Zeitlicher Verlauf der Ionenströme bestimmt Energieverbrauch

Um nach einem Aktionspotenzial die ursprüngliche Ionenverteilung wieder herzustellen, müssen Natrium-Ionen unter Energieaufwand aus der Zelle hinaus und Kalium-Ionen hinein gepumpt werden. Ihr Energiebedarf hängt daher eng damit zusammen, wann wie viele Ionen ein- und ausströmen. Forscher vom Max-Planck-Institut für Hirnforschung in Frankfurt und der Universität London haben deshalb diese Ionenströme in Nervenfasern (Axonen) in der Hippocampus-Region des Rattengehirns untersucht. Diese Axone sind wie die meisten anderen in der Hirnrinde von Säugern nicht von Hilfszellen umwickelt (unmyelinisiert) und stehen im Verdacht, wegen der ungünstigen Abfolge der Ionenströme während des Aktionspotenzials sehr viel Energie zu benötigen.
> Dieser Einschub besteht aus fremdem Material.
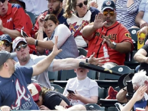 ▼肖恩(Shaun Cunningham)擋下了朝兒子臉飛來的棒球棍,這張照片也讓他在網路上爆紅。

Die Wissenschaftler haben nun allerdings festgestellt, dass die Ionenströme energiesparend zusammenspielen: Der Natrium-Einstrom und der ihm entgegenwirkende Kalium-Ausstrom überlappen zeitlich nur wenig. Verantwortlich dafür ist das genau abgestimmte Öffnen und Schließen der Natrium- und Kaliumkanäle. Deshalb fließt Computersimulationen zufolge nur 1,3-mal mehr Natrium in die Zelle als theoretisch notwendig. "Die Zelle müsste deutlich mehr Energie für das Zurückpumpen aufwenden, wenn viele Natrium- und Kalium-Ionen gleichzeitig fließen würden, ohne einen elektrischen Netto-Effekt zu haben. Entscheidend für einen niedrigen Energieverbrauch ist deshalb, dass der Natrium-Einstrom möglichst wieder gedrosselt wird, bevor die ausströmenden Kalium-Ionen die positivierende Wirkung der Natrium-Ionen aufheben", erklärt Henrik Alle vom Max-Planck-Institut für Hirnforschung. Abschätzungen der Forscher zufolge erfordert die Signalübertragung an den Kontakten zwischen Nervenzellen, den Synapsen, ca. 6-mal so viel Energie wie die Signalfortleitung mittels Aktionspotenzialen zu den Kontaktstellen hin.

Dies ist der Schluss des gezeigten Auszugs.